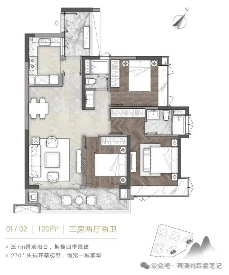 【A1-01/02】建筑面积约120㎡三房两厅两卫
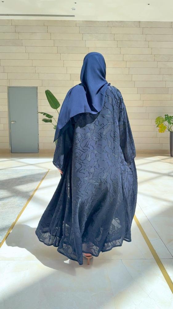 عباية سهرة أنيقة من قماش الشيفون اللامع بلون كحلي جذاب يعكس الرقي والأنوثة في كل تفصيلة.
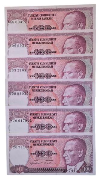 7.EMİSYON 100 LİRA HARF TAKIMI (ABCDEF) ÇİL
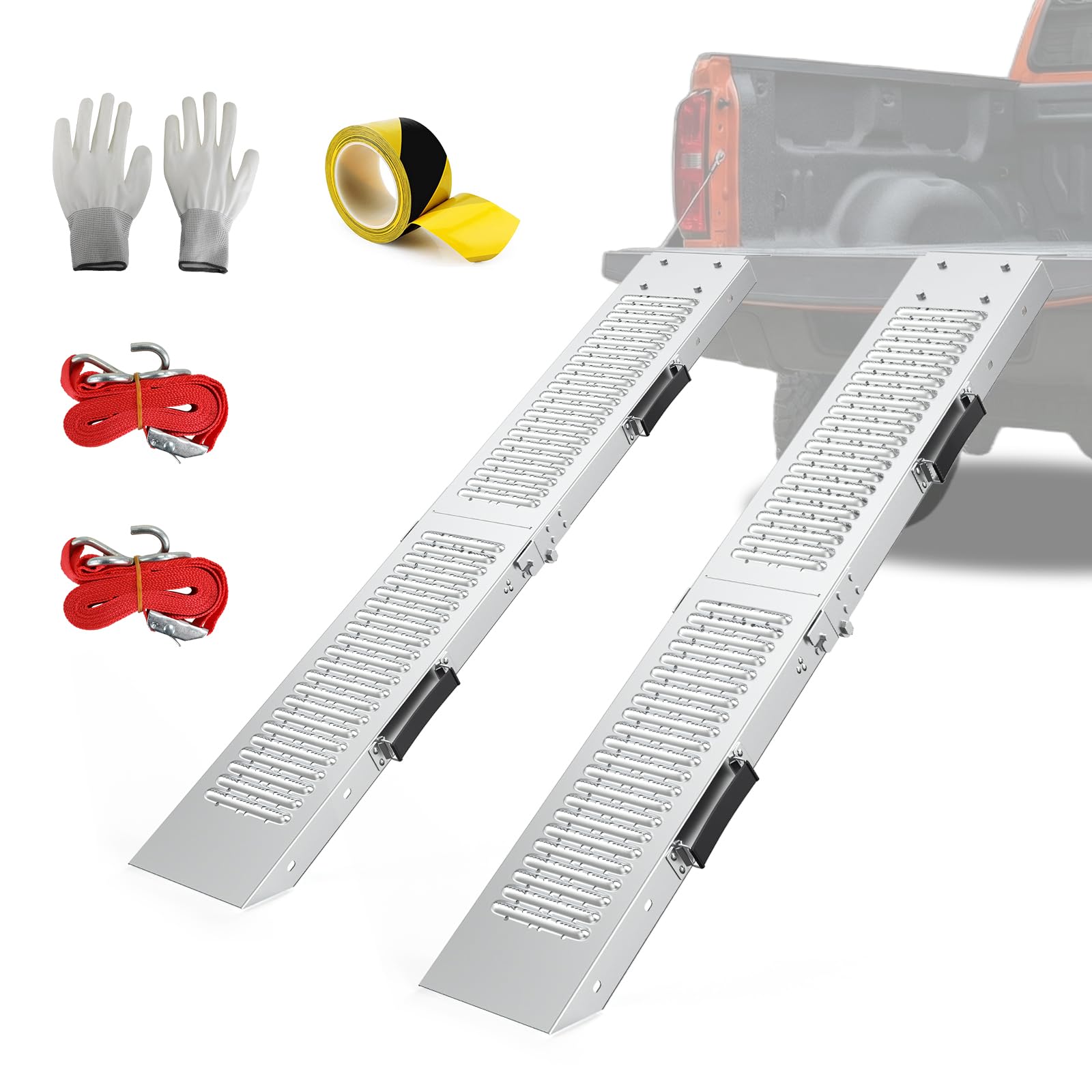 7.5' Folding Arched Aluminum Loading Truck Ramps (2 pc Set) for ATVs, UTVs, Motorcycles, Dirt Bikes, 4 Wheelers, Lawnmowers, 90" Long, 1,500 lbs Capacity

■ GOAL OF THE EXERCISE
Reproduce the data above line for line, from its first line through the line containing "7.EMİSYON 100 LİRA HARF TAKIMI (ABCDEF) ÇİL", both ends included, with the pictures omitted and nothing more.

■ EXERCISE ANSWER
 【A1-01/02】建筑面积约120㎡三房两厅两卫
 عباية سهرة أنيقة من قماش الشيفون اللامع بلون كحلي جذاب يعكس الرقي والأنوثة في كل تفصيلة.
 7.EMİSYON 100 LİRA HARF TAKIMI (ABCDEF) ÇİL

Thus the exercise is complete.